An investigation by the Associated Press earlier this year found the Sacklers have shielded their wealth in a web of companies and trusts, some registered in offshore tax havens far from Purdue's corporate headquarters in Connecticut. 

An attorney for the Raymond Sackler family said that more than half of the funds were paid in taxes. 

"These distribution numbers were known at the time the proposed settlement was agreed to by two dozen attorneys general and thousands of local governments," said attorney Daniel S. Connolly in a statement. "They have been public for months, and this filing reflects the fact that more than half was paid in taxes and reinvested in businesses that will be sold as part of the proposed settlement."

He added, "The Sackler family hopes to reach a productive resolution where they contribute Purdue for the public benefit and provide at least $3 billion of additional money to help communities and people who need help now, which makes more sense for everyone than continuing litigation that only squander resources."

The report searched through company records to track payments made to Sackler family members, including payroll and compensation records, accounting systems and travel and expense reports. 

From 1995 to 2007 — the period before Purdue was fined for its misleading marketing over OxyContin — the family had extracted a much smaller amount from Purdue, estimated at $1.3 billion, the report found. That's only about one-tenth the amount the family received in the decade since 2008, according to the report. 

"Full transparency"

New York is one of about two dozen states that are opposing a settlement with the Sacklers, which would include a $3 billion payment and require them to give up control of Purdue.

"We need full transparency into their total assets and must know whether they sheltered them in an effort to protect against creditors and victims," James said.

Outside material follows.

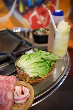 一坐底已經好多款前菜準備好,有泡菜,酸蘿蔔、涼拌豆芽,波菜等等,店員見食得七七八八就會幫手refill!芝士粟米漿- 滿滿嘅芝士配上粟米,半溶既芝士特別惹味!爐邊蛋 - 泡菜混入雞蛋漿,可以無限添加,食落好香口嚴選和牛豬梅花套餐配韓式拌麵秘制醬油豬五花,醬香濃郁,肥而不膩,入口即化,醬料好入味,估唔到又幾有驚喜 !和牛入口即溶,牛脂豐富而且搶火,要小心容易燒燶,可以夾着生菜一齊食!套餐入面仲有菠蘿同埋菇類,放喺網上燒都可以過過口癮!韓式拌麵嘅口感彈牙,伴有泡菜同埋青瓜絲,不錯薑橙梳打&玫瑰佛手柑梳打兩杯嘢飲大大杯,有氣嘅梳打令人大快朵頤!…查看更多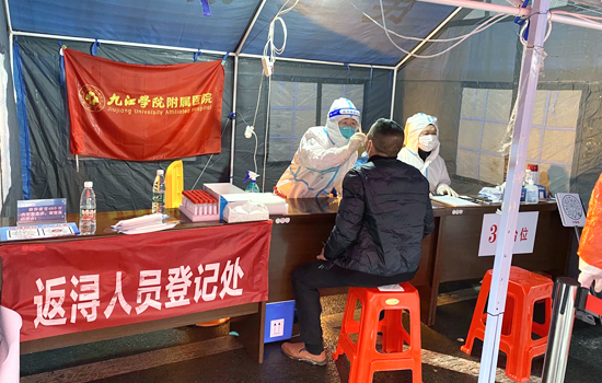 自3月18日起,九江学院附属医院援鄂老兵徐宇霞、徐文英、吴海鑫、方苗苗、陈美茜等20人组成的核酸采样队一直驻守长江一桥开展核酸筛查等疫情防控工作。信息登记、测量体温、核酸采集、站岗值守……她们每天24小时尽职尽责地坚守着江西“北大门”,为疫情防控筑起一座“外防输入”的坚固壁垒。

Sixteen states have sued Sackler family members by name, alleging they drained billions from the company since 2007. That's when the drugmaker pleaded guilty to misleading doctors, patients and regulators about the popular painkiller's risks.

In 2017, the U.S. Department of Health and Human Services called the opioid crisis a public health emergency. In 2016, more than 47,000 people died from overdosing on opioids, the agency said.